I liked Wik's the best thus far btw!
 

I tend actually to favor some quasi-military premise for a campaign, myself. The characters are selected from ranks of an army or hired as mercenaries and put together with a task in mind. The main reason I like this is it gives a very solid premise behind the grouping itself and tends to discourage selfish players (you know the guy whose off picking pockets, getting caught, and getting the sherrif angry while the other characters are tying to save the kingdom). Once everyone has a clear reason for joining the core group and adhering to a common purpose, I think it cuts down on squirrelly interactions on down the road. Variants

- The unit commander (an NPC) is a bad guy, an idiot, corrupt, perhaps a coward, etc. They have to deal with him (most likely politically) while dealing with the opening enemy.
- The opening mission is interrupted by somethign far more serious.
- Someone tipped off the enemy, so there is a spy behind the lines. As the characters deal with the first mission and learn more about the people behind them they have to try and deal with questions about who to trust and who not to.
- The unit commander (an NPC) is truley evil. He expects the PCs to do something inconsistent with their alignment (though it may be useful in winning a war) ...e.g. exterminate every orc, woman, and child in a village. This only works if the characters are good, and if you reject the social manicheancism approach to alignment.
- The enemy has redeeming virtues, and sues for peace.
- Turns out there is a common enemy and the PCs will have to work with the conventional enemy to deal with the bigger meaner threat to us all type foe.
- While off on their own mission, the entire army behind them is wiped out. Now the group is formed, but the original purpose behind their existence is gone.
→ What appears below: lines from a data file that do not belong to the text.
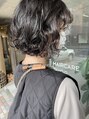 くせ毛を活かした強めパーマ。前髪もしっかりかけて個性的で可愛いヘアスタイルになりました。ボリュームが出過ぎないようにロッド選定や巻き方をしています。バームとオイルでしっかりスタイリングするのがオススメ。
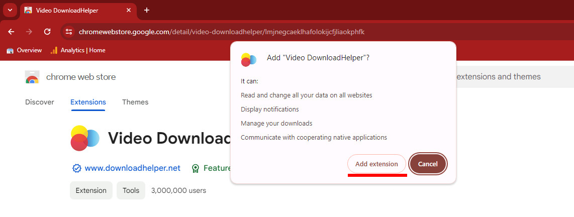 Download Video DownloadHelper for chrome
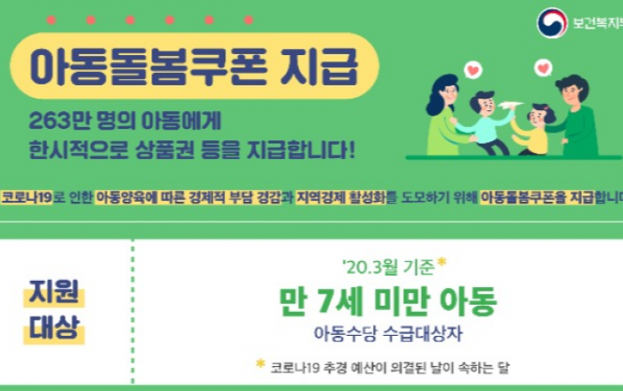 보건복지부는 코로나19로 위축된 지역경제를 활성화하고 아동양육가구의 부담을 줄이기 위해 ‘아동돌봄쿠폰’을 지급할 계획이라고 밝혔다.아동돌봄쿠폰은 아동수당을 지급받는 만 7세 미만의 자녀를 둔 가구에 아동 1인당 40만 원 상당의 상품권 등을 국비로 긴급지원하는 사업으로
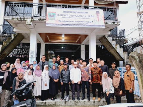 Anggota DPRD Provinsi Sumatera Barat, Irsyad Safar menggelar reses di Aula Kantor Wali Nagari Sungai Talang, Kecamatan Guguak, Kabupaten Lima Puluh Kota, Sabtu (22/2/2025) sore.
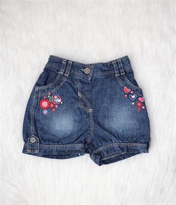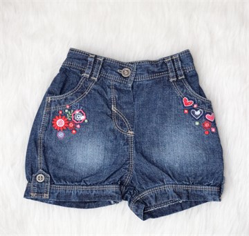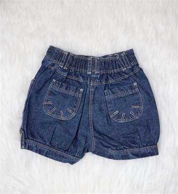 Matalan kratke hlačice od trapera, plave boje. Prednji i stražnji džepovi (prednji ukrašeni aplikacijama od konca). Stražnja strana pasice je rastezljiva pa je širina prilagodljiva (vidjeti mjere).
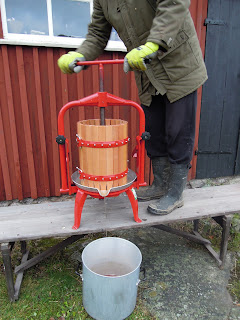 Man lägger krosset i äpplepressen i en linneduk. Man snurrar på vevarmen och vips kommer den finaste must!

I've used the tavern bit a couple of times. My favorite variant is to make it a rest stop along a reasonably well used highway. So, the initial gathering is rather random, but then the countryside is swamped by monsters. Most of the neighbors are killed for miles around and the characters hole up in the bar to defend themselves until the local city can put together an army and retake the territory. (Perhaps the character may need to help warn the city.) Maybe, the characters can even help save a neighboring farmer and his family from the Ogres headed down the way. This way you still get the random gathering effect, but you also get an instant bonding. Why are they together? At first it's because that is the only way they will survive. Afterwards it's because they all worked together and survived something they shouldn't have (and wouldn't have had each acted alone).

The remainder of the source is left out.